*** Block opens ***

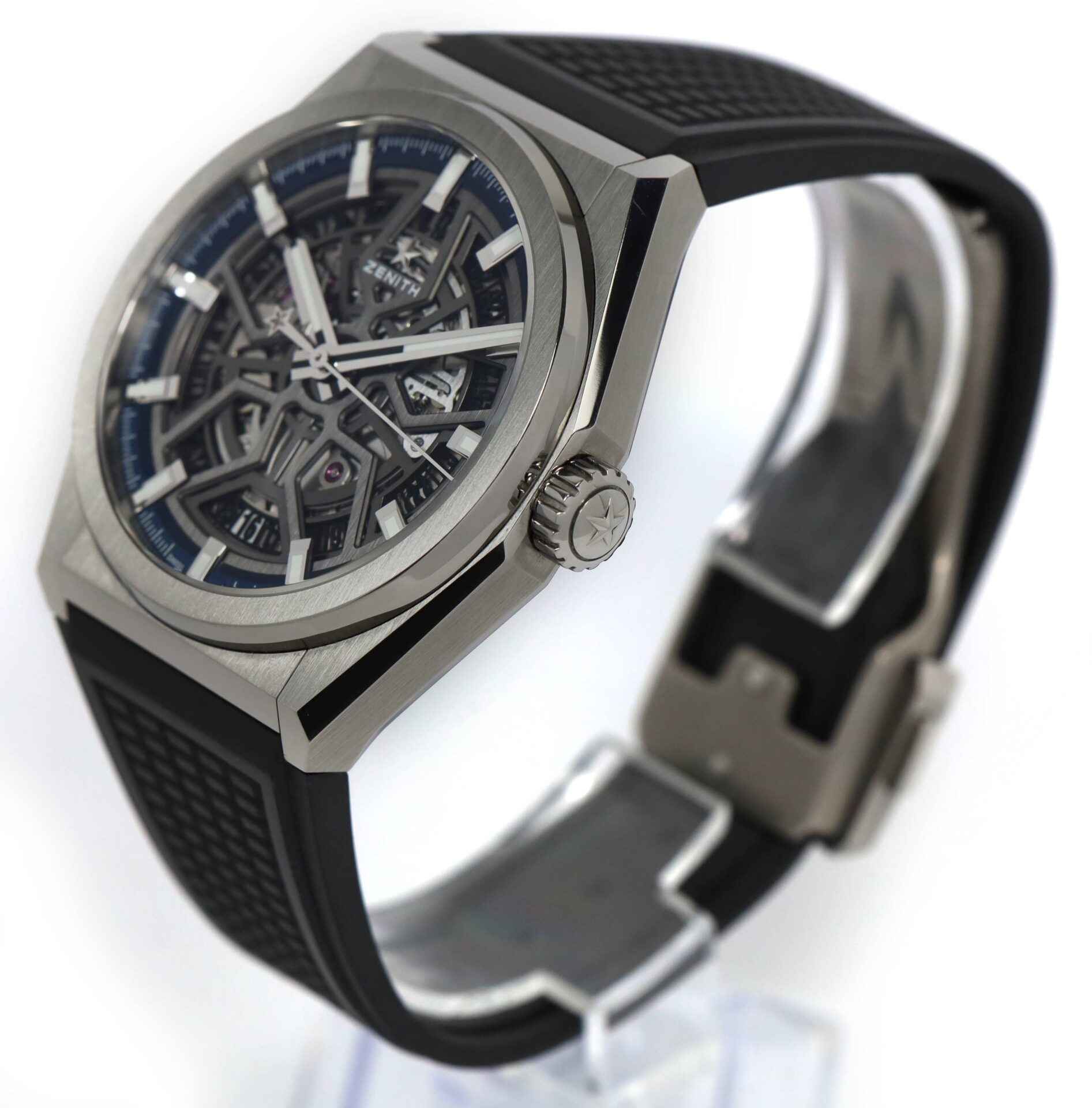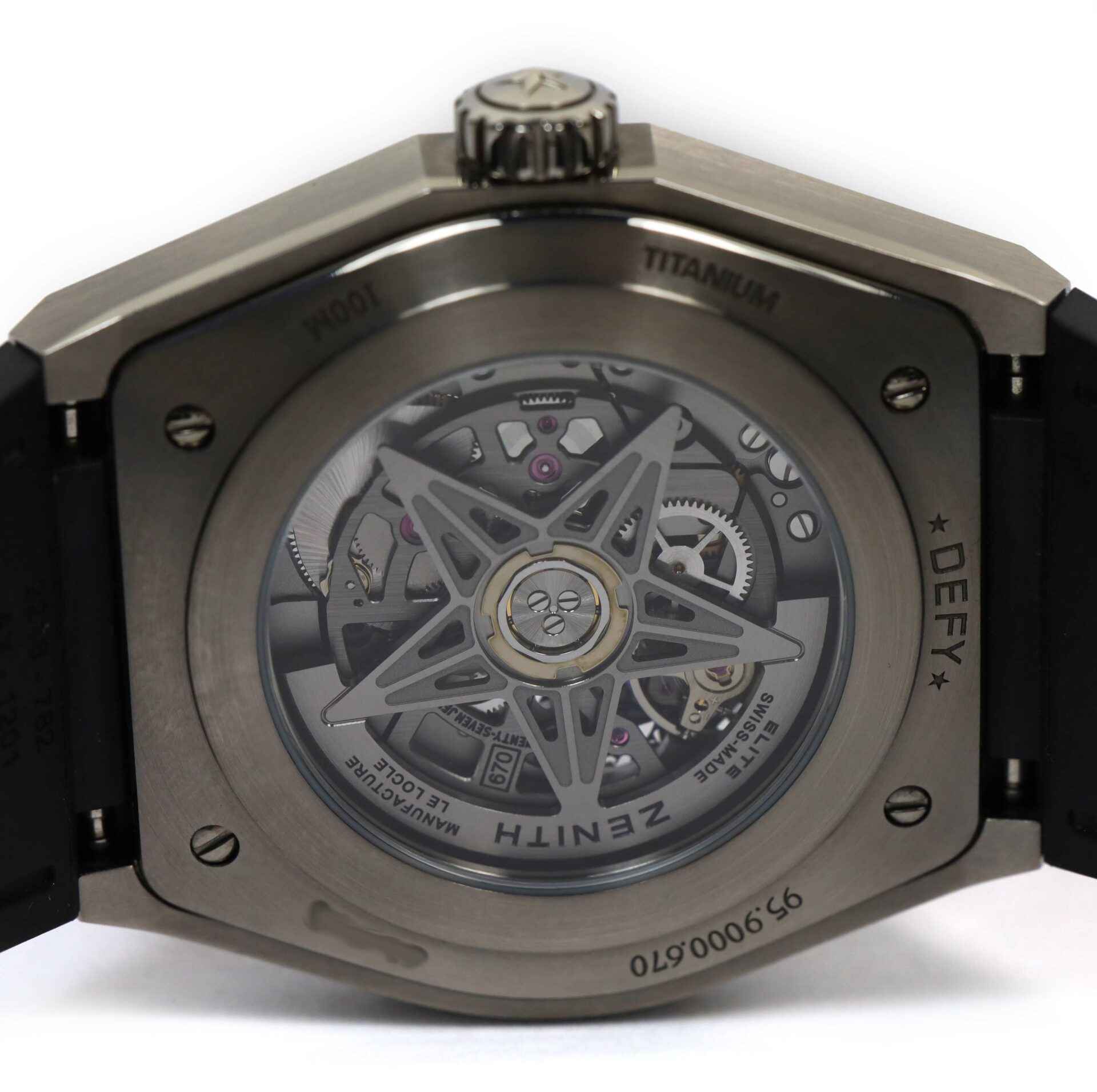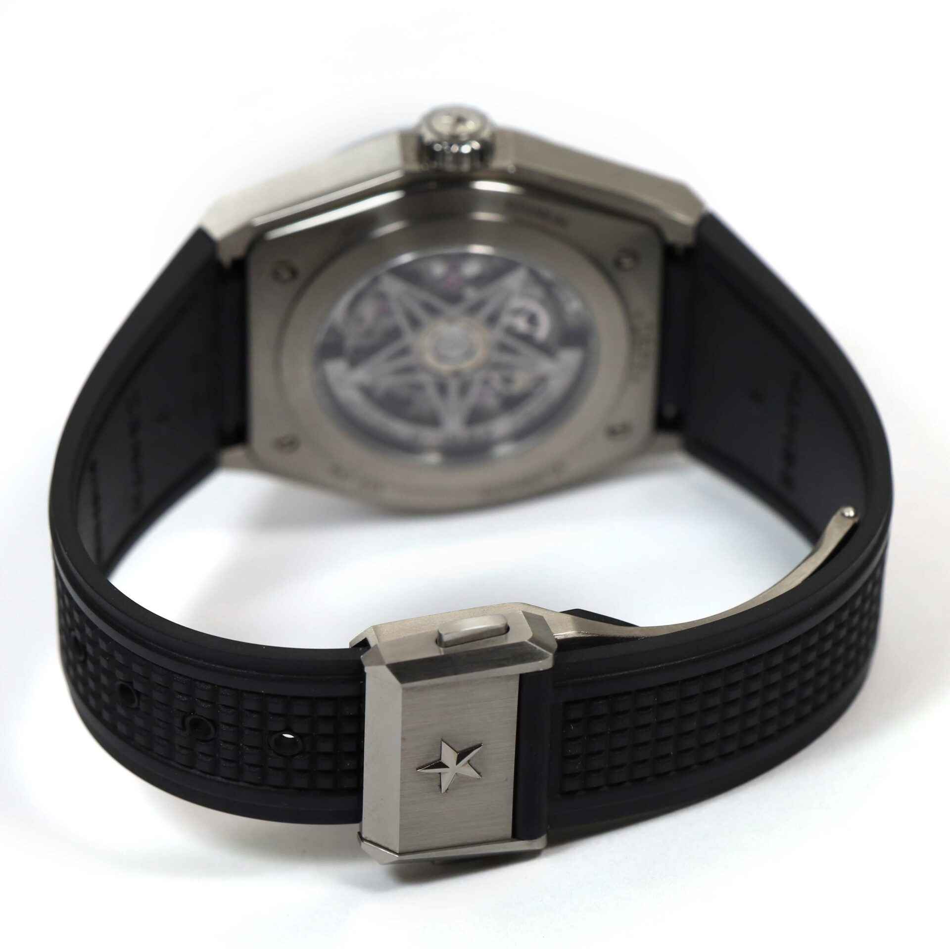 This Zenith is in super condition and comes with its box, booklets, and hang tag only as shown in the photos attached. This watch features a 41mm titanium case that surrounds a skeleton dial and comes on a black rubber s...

*** Block closes ***
*** Block opens ***

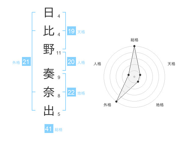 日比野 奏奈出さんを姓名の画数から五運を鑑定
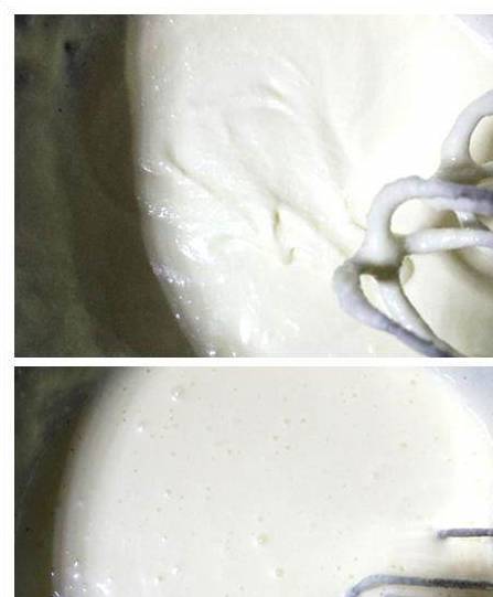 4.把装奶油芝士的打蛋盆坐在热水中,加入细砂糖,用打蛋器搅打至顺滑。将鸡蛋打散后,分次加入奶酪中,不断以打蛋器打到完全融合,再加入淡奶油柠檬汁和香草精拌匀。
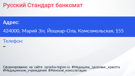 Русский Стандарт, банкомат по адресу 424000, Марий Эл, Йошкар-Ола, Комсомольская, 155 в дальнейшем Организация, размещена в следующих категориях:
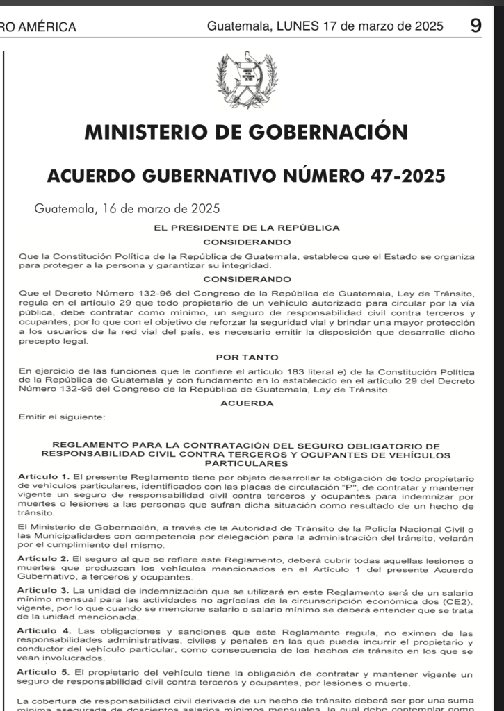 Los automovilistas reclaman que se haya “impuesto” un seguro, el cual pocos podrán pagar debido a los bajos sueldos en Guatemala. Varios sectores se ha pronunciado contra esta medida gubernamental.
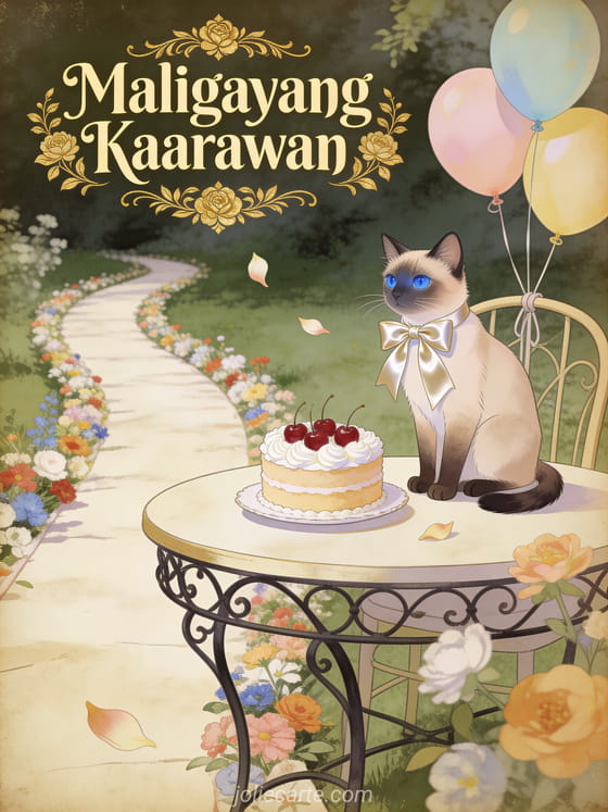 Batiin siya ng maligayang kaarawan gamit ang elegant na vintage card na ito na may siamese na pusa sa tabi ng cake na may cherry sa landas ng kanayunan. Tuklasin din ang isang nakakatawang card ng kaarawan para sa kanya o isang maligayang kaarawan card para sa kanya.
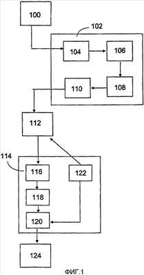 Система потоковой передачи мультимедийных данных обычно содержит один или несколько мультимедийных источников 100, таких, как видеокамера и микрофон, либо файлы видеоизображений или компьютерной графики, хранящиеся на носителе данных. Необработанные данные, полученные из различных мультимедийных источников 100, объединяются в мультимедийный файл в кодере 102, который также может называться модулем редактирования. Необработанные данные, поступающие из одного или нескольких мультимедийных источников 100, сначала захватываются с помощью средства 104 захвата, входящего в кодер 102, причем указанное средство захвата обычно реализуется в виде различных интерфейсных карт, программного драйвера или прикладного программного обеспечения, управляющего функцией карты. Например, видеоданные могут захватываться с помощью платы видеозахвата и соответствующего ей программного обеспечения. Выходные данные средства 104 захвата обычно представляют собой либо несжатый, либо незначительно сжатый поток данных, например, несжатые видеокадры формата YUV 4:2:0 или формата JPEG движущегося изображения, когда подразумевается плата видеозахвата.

*** Block closes ***

--- What you should do ---
Beginning with the line above that contains "4.把装奶油芝士的打蛋盆坐在" and finishing with the line that contains "Система потоковой передачи", print those lines exactly and only. Skip all pictures.

--- Response to this task ---
 4.把装奶油芝士的打蛋盆坐在热水中,加入细砂糖,用打蛋器搅打至顺滑。将鸡蛋打散后,分次加入奶酪中,不断以打蛋器打到完全融合,再加入淡奶油柠檬汁和香草精拌匀。
 Русский Стандарт, банкомат по адресу 424000, Марий Эл, Йошкар-Ола, Комсомольская, 155 в дальнейшем Организация, размещена в следующих категориях:
 Los automovilistas reclaman que se haya “impuesto” un seguro, el cual pocos podrán pagar debido a los bajos sueldos en Guatemala. Varios sectores se ha pronunciado contra esta medida gubernamental.
 Batiin siya ng maligayang kaarawan gamit ang elegant na vintage card na ito na may siamese na pusa sa tabi ng cake na may cherry sa landas ng kanayunan. Tuklasin din ang isang nakakatawang card ng kaarawan para sa kanya o isang maligayang kaarawan card para sa kanya.
 Система потоковой передачи мультимедийных данных обычно содержит один или несколько мультимедийных источников 100, таких, как видеокамера и микрофон, либо файлы видеоизображений или компьютерной графики, хранящиеся на носителе данных. Необработанные данные, полученные из различных мультимедийных источников 100, объединяются в мультимедийный файл в кодере 102, который также может называться модулем редактирования. Необработанные данные, поступающие из одного или нескольких мультимедийных источников 100, сначала захватываются с помощью средства 104 захвата, входящего в кодер 102, причем указанное средство захвата обычно реализуется в виде различных интерфейсных карт, программного драйвера или прикладного программного обеспечения, управляющего функцией карты. Например, видеоданные могут захватываться с помощью платы видеозахвата и соответствующего ей программного обеспечения. Выходные данные средства 104 захвата обычно представляют собой либо несжатый, либо незначительно сжатый поток данных, например, несжатые видеокадры формата YUV 4:2:0 или формата JPEG движущегося изображения, когда подразумевается плата видеозахвата.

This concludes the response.